Nesta quinta-feira (13), completam-se 40 anos da morte de Mãe Menininha do Gantois, uma das mais importantes ialorixás da história do Brasil. Maria Escolástica da Conceição Nazaré morreu em 13 de agosto de 1986, aos 92 anos, deixando um legado que ultrapassou os limites do candomblé e marcou a história religiosa, política e cultural da Bahia.
Nascida em 1894, Mãe Menininha assumiu o comando do Terreiro do Gantois, em Salvador, aos 28 anos, em 1922. Terceira ialorixá da história da casa, permaneceu à frente do terreiro durante 64 anos. Ela era bisneta de Maria Júlia da Conceição Nazareth, fundadora do Gantois, criado em 1849.
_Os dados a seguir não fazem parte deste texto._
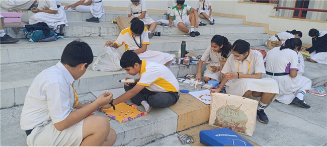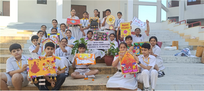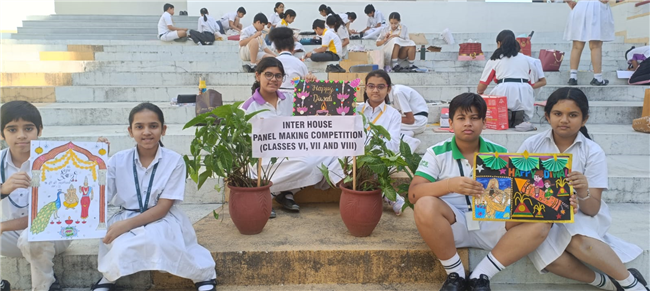 The Inter-House Welcome Panel Competition themed “Auspicious Welcome Panel” was held on 13th October 2025 for classes VI, VII and VIII. The event was a vibrant and artistic celebration of Diwali, showcasing students’ creativity, imagination and cultural spirit.

Sua trajetória foi marcada pela defesa do candomblé em um período de forte perseguição às religiões de matriz africana. Mãe Menininha atravessou décadas em que terreiros eram alvo de ações policiais e desempenhou papel importante no processo de maior reconhecimento e aceitação pública do candomblé no país.
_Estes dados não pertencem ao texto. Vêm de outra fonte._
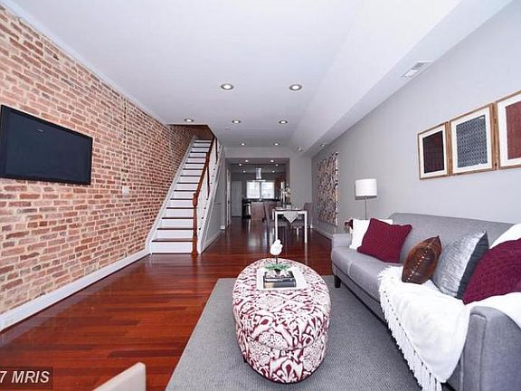 Gorgeous open floor plan w/exposed brick*Hg LR w/cherry flrs open to gourmet kit.w/granite counters. kit island w/gas range, commercial vent, s/s appls, wd fls & cherry cab*Wd flrs on entire upper level*MBR w/w/i CA closet & ceiling fan*Spac. 2nd BR open to rear deck*Amazing BA w/whirlpool tub, sep cer shwr for 2& dbl soapstone vanities* Fin basement w/new w/w carpet*Home just painted*Paved Patio!

A influência da ialorixá também alcançou a política, a música, a literatura e o esporte. Ao longo dos anos, o Gantois recebeu nomes como Gilberto Gil, Pelé, Jorge Amado, Dorival Caymmi, Caetano Veloso, Gal Costa e Maria Bethânia, além de diferentes autoridades políticas. Muitos recorriam a Mãe Menininha em busca de conselhos e proteção.
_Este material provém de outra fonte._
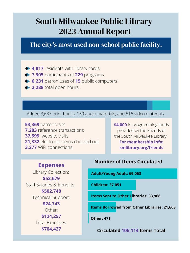There has been a lot of misinformation shared about our library on social media lately. As information professionals, we want to share some facts. This is our 2023 Annual Report which shows our library’s usage for the past year. The City of South Milwaukee is facing significant budget constraints and these affect the library. This coming Tuesday, June 4th, the South Milwaukee Common Council will look at an agenda item to consider a third party study that will evaluate library services in South Milwaukee and present suggestions for library services moving forward.

Sua presença na cultura brasileira também inspirou homenagens. Em 1972, Dorival Caymmi lançou “Oração de Mãe Menininha”, posteriormente gravada por artistas como Maria Bethânia e Gal Costa. Jorge Amado também registrou a importância da ialorixá em sua obra Bahia de Todos-os-Santos.
Mãe Menininha teve duas filhas, Cleusa e Carmem. Após sua morte, Mãe Cleusa assumiu o comando do Gantois, dando continuidade à tradição familiar da casa.